Northern Lights Chapter/Trout Unlimited Canada treasurer Peter Little, who does releases for the group and also writes for the Alberta Conservation Association (ACA), explained that the provincial Fish and Wildlife division stocks many of Alberta’s lakes, but most of the fish ponds in Edmonton and the area immediately north receive their new stock of trout each year from the ACA. And while the ACA’s stocking trucks are slated to roll prior to the May long weekend out to Morinville, Lacombe, Gibbons, Lamont, Radway, Legal and Fort Saskatchewan, Rainbow Park has been delayed until the fall.
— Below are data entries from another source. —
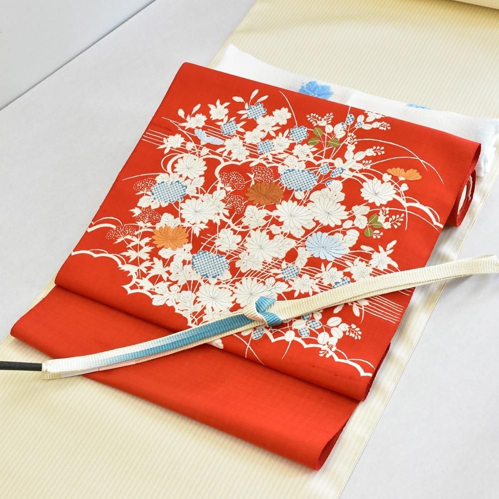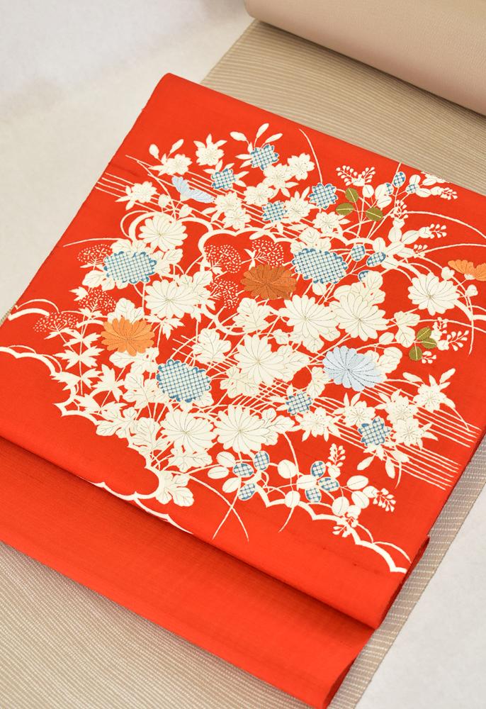お太鼓には桜、菊、萩、女郎花などのたっぷりと描かれた草花の文様。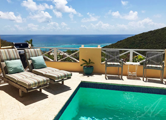 One Love - This 2 bedroom/2 bath villa with it's pleasing outdoor area, and sweeping top level view is a fun choice for comfort and privacy. This villa with it's private pool area is another gracious Villa Madeleine choice offering it's love of the island.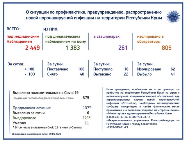 По данным ежедневного мониторинга по сложившейся ситуации с новой коронавирусной инфекцией в Республике Крым, под медицинским наблюдением находятся 2449 человек. Из них под динамическим наблюдением на дому находятся 1383 человека, в стационарах находятся 261 человек, изолировано в обсерваторы – 805 человек. Межрегиональным управлением Роспотребнадзора по Республике Крым и городу Севастополю всего выявлено 375 положительных на Covid-19. Лечение в медицинских учреждениях Республики Крым проходят 137 человек, выписано с выздоровлением - 229.

Little says the problem faced at Rainbow, as well as many other ponds, is related to an increase in nutrients in the water — primarily nitrogen and phosphorous — which decrease the level of dissolved oxygen in the pond. During an April 11 interview, he said he “very much doubts” there’s any live fish currently in Rainbow as “there was a big die-off right after mid-summer 2022” and “doubts any survived the winter.”
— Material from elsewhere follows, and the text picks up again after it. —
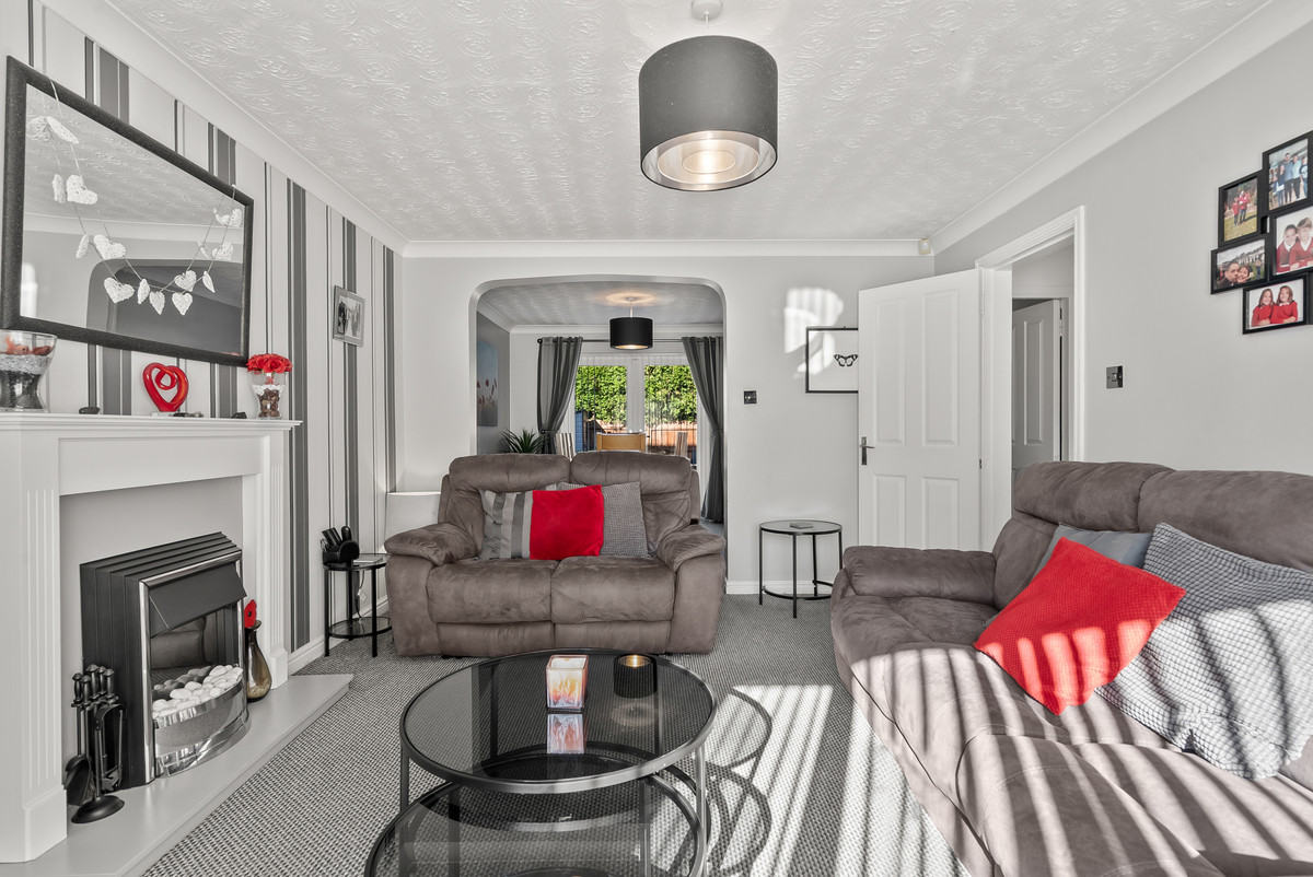 The home enjoys a sizeable enclosed rear garden, perfect for children, pets, and outdoor entertaining. To the front, the large driveway provides ample off-road parking alongside the garage.
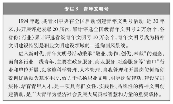无论在城镇还是乡村、企业还是学校,青年都自觉把正确的道德认知、自觉的道德养成、积极的道德实践紧密结合起来,带头倡导向上向善社会风气、塑造社会文明新风尚。在城乡社区建设中,越来越多的青年投身社区治理和服务体系建设,主动参加“社区青春行动”,加强实践锻炼、提升服务贡献。在各行各业,青年秉承“敬业、协作、创优、奉献”的理念,踊跃创建“青年文明号”,大力弘扬新时代职业文明,展现新时代职业形象。广大青年运动员弘扬体育道德风尚,以良好的赛风赛纪和文明礼仪,获得竞技成绩和精神文明双丰收。1993年“中国青年志愿者行动”启动以来,志愿服务成为青年参与社会治理、履行社会责任的一面旗帜,成为青年在奉献人民、服务社会中锻炼成长的重要途径。截至2021年底,全国志愿服务信息系统中14岁至35岁的注册志愿者已超过9000万人,他们活跃在社区建设、大型赛事、环境保护、扶贫开发、卫生健康、应急救援、文化传承等各个领域,弘扬“奉献、友爱、互助、进步”的志愿精神,在全社会形成团结互助、平等友爱、共同前进的新风尚。中国青年志愿者扶贫接力计划研究生支教团、大学生志愿服务“西部计划”连续18年派遣41万余名研究生、大学毕业生,到中西部2100多个县(市区旗)开展扶贫支教、卫生医疗等志愿服务。青年始终是大型赛会志愿服务的主体力量,给千家万户乃至全世界留下深刻印象。

“All aquatic animals need dissolved oxygen to survive and its decrease, where water quality is an issue, is leading to the death of fish. To add to the problem, summer temperatures are becoming higher and warm water doesn’t maintain dissolved oxygen as well as cold. Algae blooms and summer fish-kills are also becoming more frequent,” he writes.
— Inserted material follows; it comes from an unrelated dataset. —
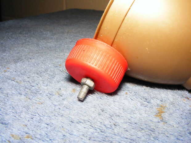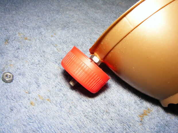 Mismo tipo de procedimiento como el tazón de fuente - perfore un pequeño agujero en el centro de la tapa de la botella de soda, o utilice un destornillador para masticar el plástico. Empuje en el perno con la parte superior de la tapa hacia el recipiente. Prueba del hilo de rosca la última tuerca en el perno.
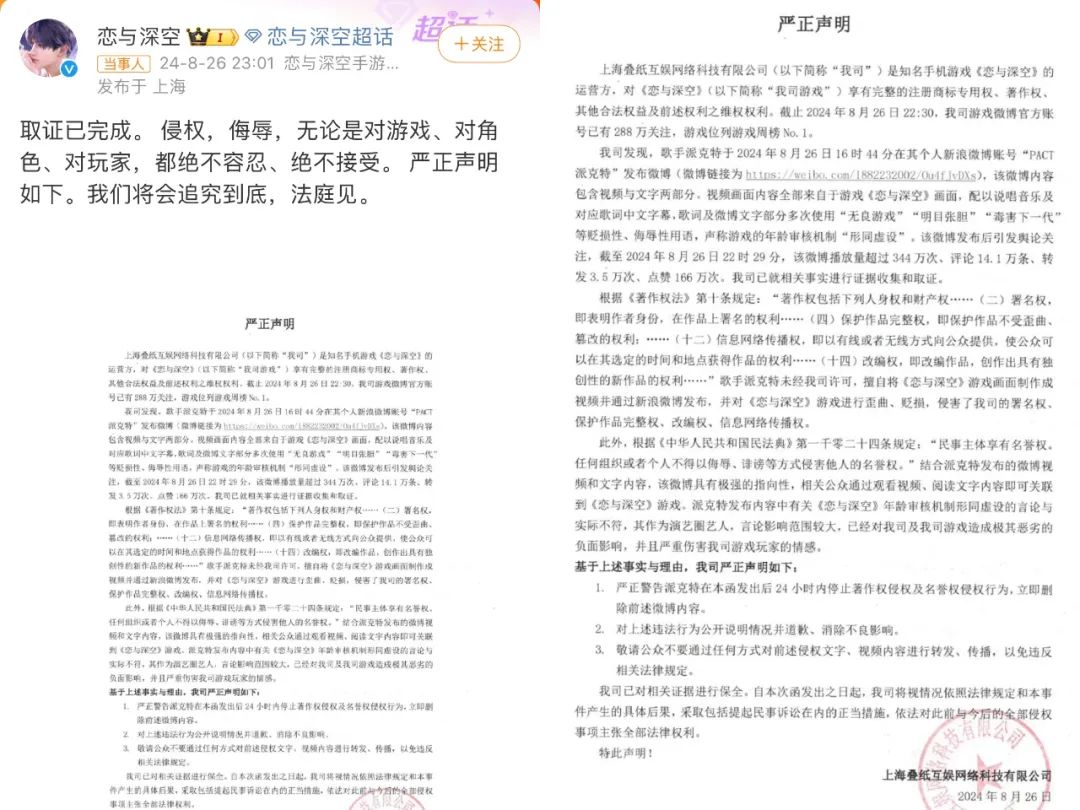 面对这样的指责,《恋与深空》在当晚11点发布声明,称派克特的行为侵害了公司的署名权、保护作品完整权、改编权、信息网络传播权以及名誉权。派克特在声明发布后,先是删掉原博,上传了一版没有《恋与深空》画面的黑底MV,随后在凌晨2点时删除了微博。

Little says there’s not much the ACA can do about the higher temperatures, but they researched the science on water quality, did some testing of their own and came up with a solution that Alberta Environment and Parks approved as meeting the requirements of the Environmental Protection and Enhancement Act.
“It involves treating the pond with a very specific amount of alum that will maintain more favourable water quality for fish and invertebrate survival by significantly reducing phosphorus concentrations,” he explained. “Improved water quality will help keep dissolved oxygen levels higher through summer, fall and into the winter. If this works as expected, then it will be good news not only for Rainbow Park Pond, its fish and anglers, but for many other ponds experiencing the same problem.”
Little said after the work is done this summer, a stocking truck will head to the site, but there probably “won’t be as many (fish) as normal, at least for this year.” He also added that if there’s a “pond in your area not on the fish stocking list that you think might make a good recreational fishery, please let the ACA and your local council know.”
“One of the big stocking trucks can carry 20,000 fish but they go to more than one pond at a time. There’s all sort of protocol that they have to go through because they have to disinfect the tires as they travel from pond to pond,” he added.
Rainbow Park, located four miles east of Westlock on Highway 18, then a half mile south of Highway 18 on the west side of Range Road 255, includes the pond, plus a sheltered picnic building, numerous fire pits, picnic tables and plenty of open space for outdoor activities and games.
In an April 12 e-mail, county community services coordinator Adrienne Finnegan noted the municipality “recently acquired Rainbow Park Pond and the surrounding lands of approximately 20 acres from the Province of Alberta” and are “currently working on plans to improve the park.”